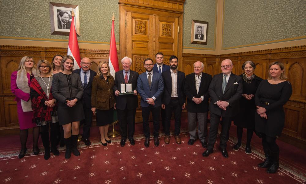 John O'Sullivan with members of the Friends of Hungary Foundation at the Hungarian Parliament on February 12, 2019.
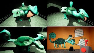 If The Player is struck by this attack, they will perish. The player is attacked by the chameleon Chamataki, who slams them with his enormous tongue, crushing them. How to draw Tamataki and Chamataki, the two-headed turtle and chameleon from the third chapter of the game Garten of Banban 3.
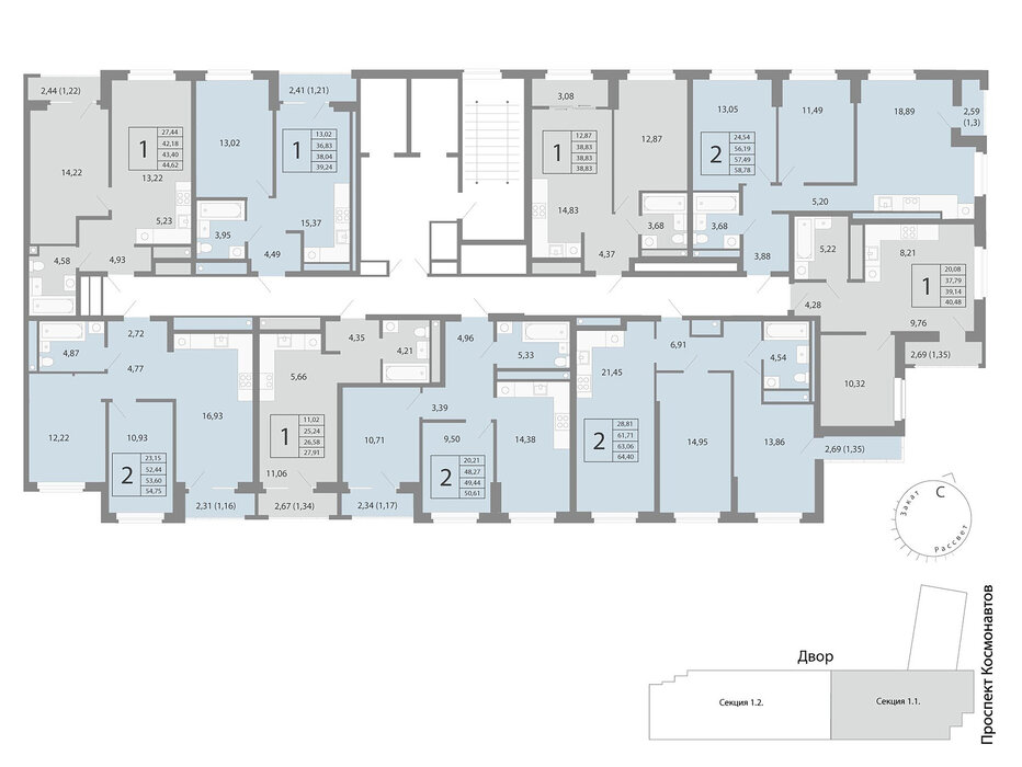 • 2-к квартира, Космонавтов, 91Б (секция 1.2)
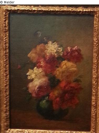 farbenbunter Strauss von Rosen, Narzissen und anderen Blumen in grüner Glasvase vor einem olivfarbenem Hintergrund, bez. u. l.: N. Diaz
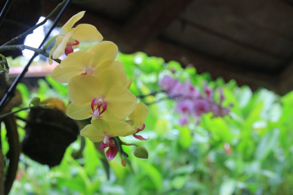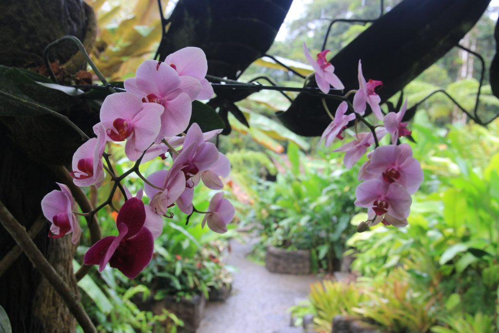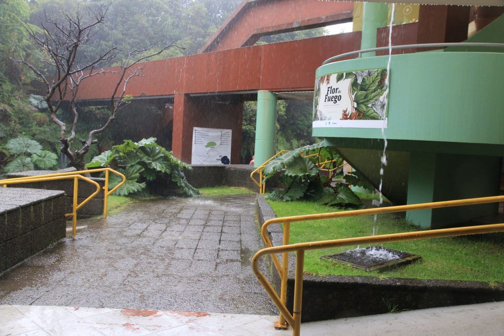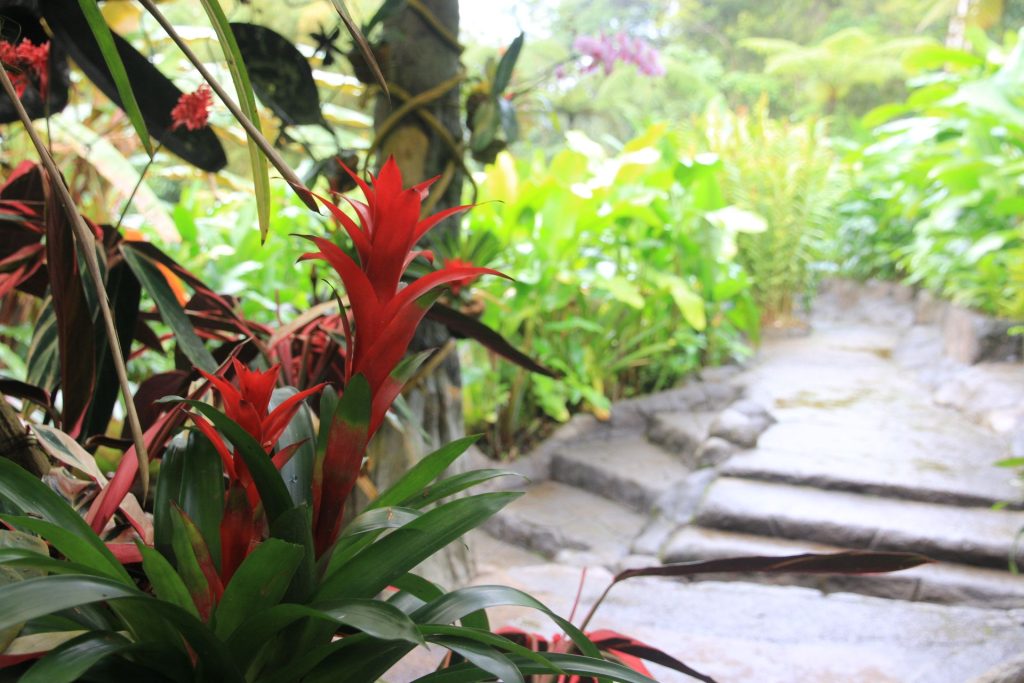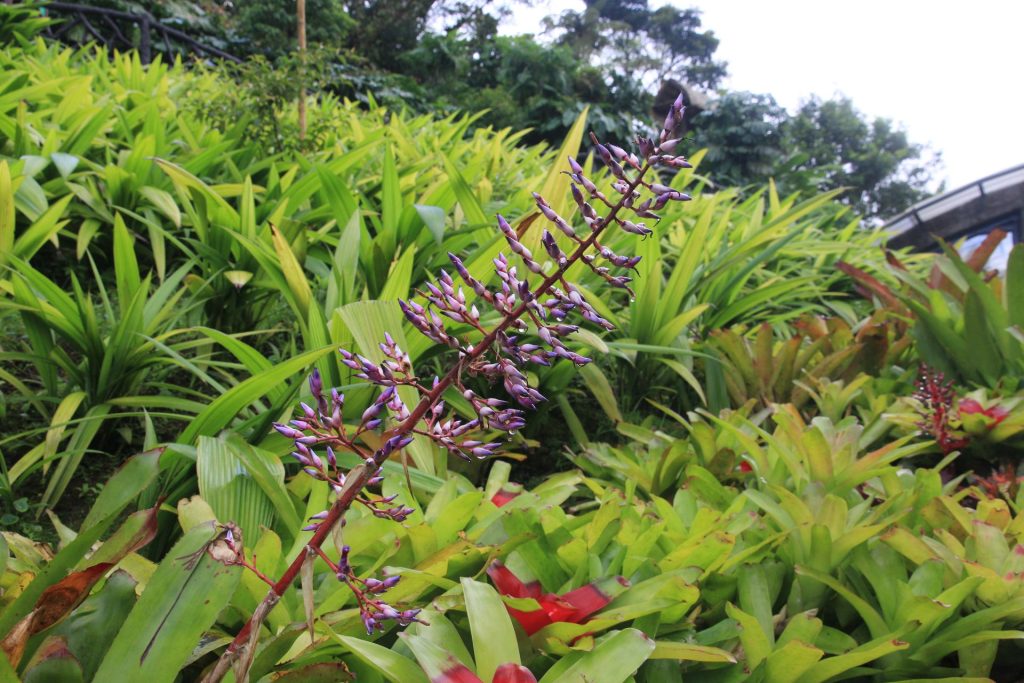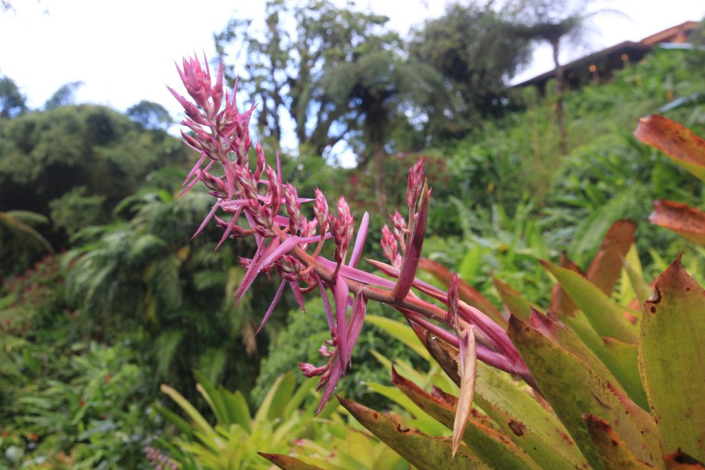 Natürlich ist nicht alles nur Fauna, sondern auch noch diverse Flora. So blüht es dann an verschiedenen Ecken. Die Kolibris hier scheinen sich dann aber doch auf den einfachen Weg zu Essen in Form der Futterstellen zu konzentrieren. An den Blumen habe ich keine gesehen – kann aber auch wieder am Regen gelegen haben. Die Futterstellen waren überdacht.
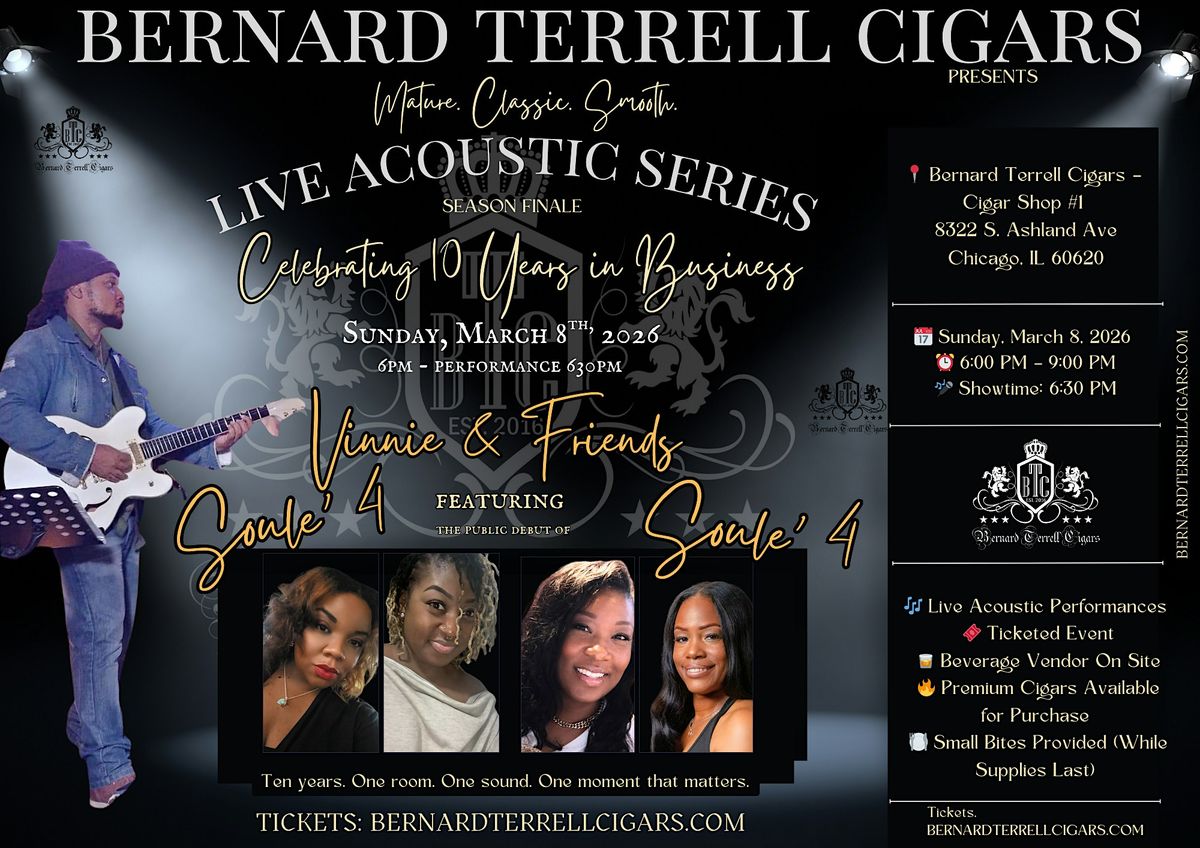 Join us for an intimate and unforgettable evening as Bernard Terrell Cigars closes the season and continues the celebration of 10 years in business with our Live Acoustic Series: Season Finale.
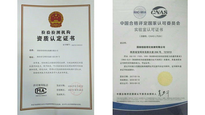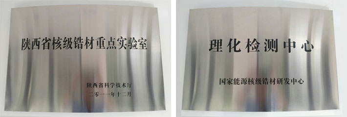 2010年1月6日,公司前身獲得國家能源局頒發的“國家能源核級鋯材研發中心”稱號;2011年12月,獲得陜西省科學技術廳頒發的“陜西省核級鋯材重點實驗室”稱號;2013年5月,獲得CMA資質;2015年3月31日,獲得CNAS資質;2016年變更法人和名稱后,又分別取得了CMA和CNAS資質。
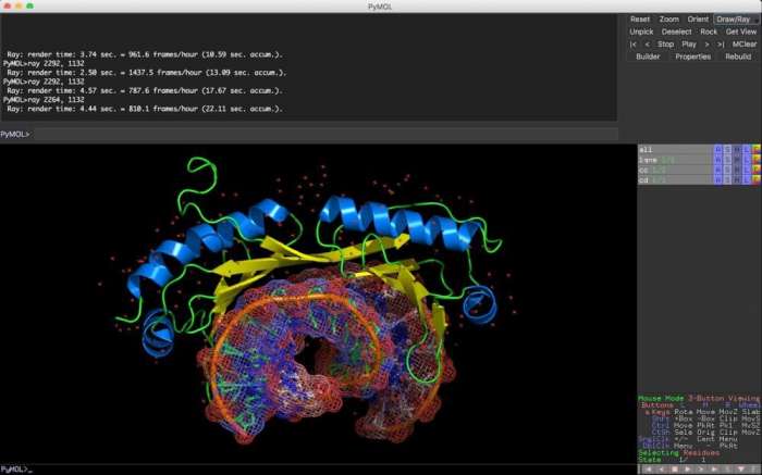 借助此分子可视化系统,可以以3D模式对蛋白质,其密度,轨迹和表面进行细微分析
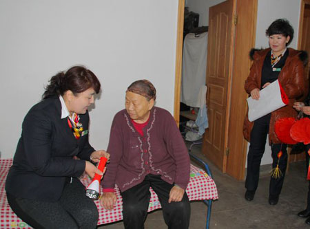 “阿姨,春節(jié)快到了,我們來看看您,前兩天已經(jīng)幫您把電充上了,這次給您帶了個手電,用著它以后到地下室可以照個亮。”隊長阿依古麗向丁阿姨說明來意,還跟丁阿姨試了試,手電是充電式的,不用換電池,丁阿姨挺高興的。臨走時,阿依古麗還在她家門上貼了個大紅的“!弊,祝福老人家新年快樂。
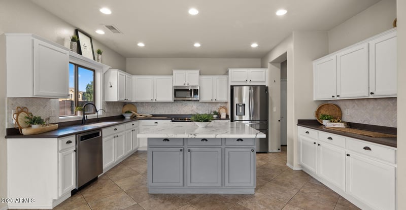 The oversized three-car garage provides ample storage, complemented by a convenient RV gate along the side of the property. At the heart of the home, the stunning remodeled kitchen impresses with a dramatic quartz island centerpiece, sleek modern finishes, and an exceptionally large walk-in pantry that is as functional as it is rare.
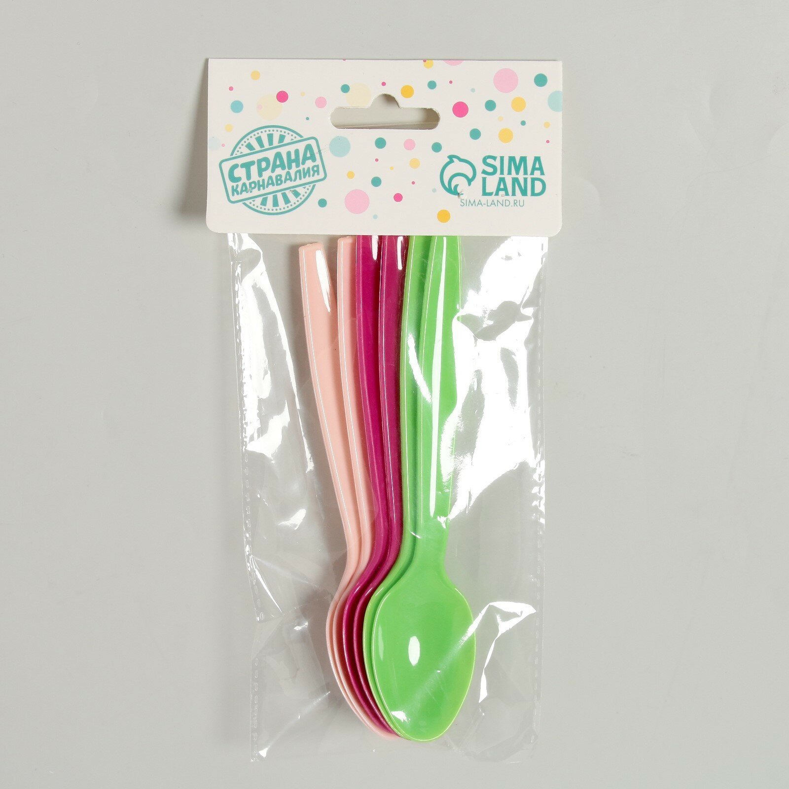 Ложка пластиковая, в наборе 6 штук, цвет розовый

*****

| Exercise aim |
The lines from the top of the data above through the one holding "Join us for" are to be repeated exactly, and only those, with no pictures.

| Response area |
 John O'Sullivan with members of the Friends of Hungary Foundation at the Hungarian Parliament on February 12, 2019.
 If The Player is struck by this attack, they will perish. The player is attacked by the chameleon Chamataki, who slams them with his enormous tongue, crushing them. How to draw Tamataki and Chamataki, the two-headed turtle and chameleon from the third chapter of the game Garten of Banban 3.
 • 2-к квартира, Космонавтов, 91Б (секция 1.2)
 farbenbunter Strauss von Rosen, Narzissen und anderen Blumen in grüner Glasvase vor einem olivfarbenem Hintergrund, bez. u. l.: N. Diaz
 Natürlich ist nicht alles nur Fauna, sondern auch noch diverse Flora. So blüht es dann an verschiedenen Ecken. Die Kolibris hier scheinen sich dann aber doch auf den einfachen Weg zu Essen in Form der Futterstellen zu konzentrieren. An den Blumen habe ich keine gesehen – kann aber auch wieder am Regen gelegen haben. Die Futterstellen waren überdacht.
 Join us for an intimate and unforgettable evening as Bernard Terrell Cigars closes the season and continues the celebration of 10 years in business with our Live Acoustic Series: Season Finale.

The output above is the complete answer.